急性閉塞隅角緑内障の発作を止めるには、相対的な瞳孔ブロックを解消する必要があります。必須の治療は周辺虹彩切除術であり、これにより眼圧上昇の再発を予防します。

ツァイスレンズを使用して角膜の中央領域に圧迫(圧迫を伴う隅角鏡検査)を加えると、時々隅角が開き、前房内の圧力が一時的に上昇して隅角が機械的に開きます。

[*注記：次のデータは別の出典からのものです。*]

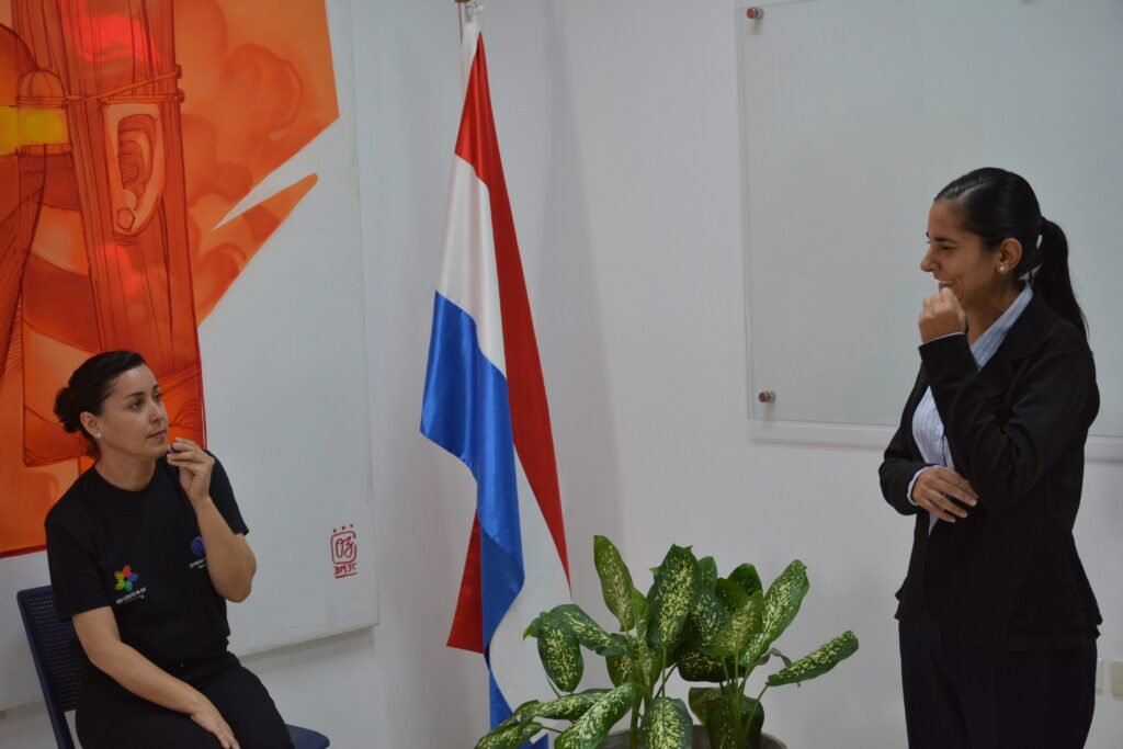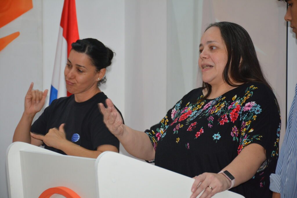 Uno de los momentos más emotivos fue la intervención de Delsy Duarte, persona sorda, quien relató lo que significó para ella trabajar en equipo con intérpretes profesionales y colaboradores mayoritariamente sordos en la traducción y producción de los materiales. Su testimonio reflejó el valor de la participación activa de la comunidad en proyectos de inclusión.
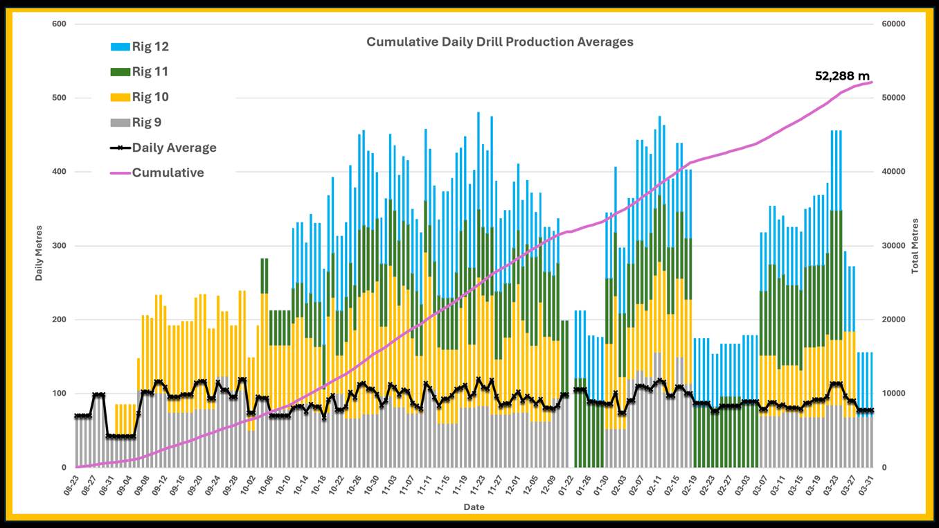 The Phase 1 drill program was conducted between August 2025 and March 2026 with four diamond drill rigs. Drilling was continuous throughout this time, except for a six-week break during December to January when winter temperatures on site reached as low as -55°C. Drilling was completed safely, with no medical aid or lost-time injuries, and minimal downtime. Drilling productivity was very high, including individual drills producing more than 200 metres per day in some instances, with an average of 94 metres per day per drill throughout the entire program (Figure 1). High productivity and relatively low cost-per-metre enabled surpassing of the originally planned 50,000 m program, resulting in completion of 52,288 metres representing 105% of the initial plan.

発作は、虹彩括約筋または散大筋に作用することで薬理学的に中断できます。この場合、虹彩括約筋は水晶体表面から4~5mmの臨界領域まで移動しますが、この方法は必ずしも成功するとは限らず、相対瞳孔ブロックをさらに強化することで状況を悪化させる可能性があります。さらに、房水産生抑制薬や浸透圧調節薬を用いて発作を中断すると、眼圧が下がり、硝子体が脱水し、虹彩-水晶体絞りが後方に移動します。その結果、相対瞳孔ブロックの発生につながる流体力学が変化します。

最も一般的な治療法は、浸透圧性薬剤や眼内液の産生を抑制する薬剤を用いて眼圧を下げることです。角膜浮腫が消失した後、レーザーによる周辺虹彩切開術が行われます。

亜急性隅角閉塞

主な治療法はレーザー周辺虹彩切開術です。

慢性閉塞隅角

治療には、閉塞隅角の進行を防ぐためのレーザー周辺虹彩切開術が含まれます。線維柱帯にすでに損傷が生じている場合があり、虹彩切開術が機能しているにもかかわらず眼圧が高いままであるため、眼圧下降薬の継続的な使用が必要になります。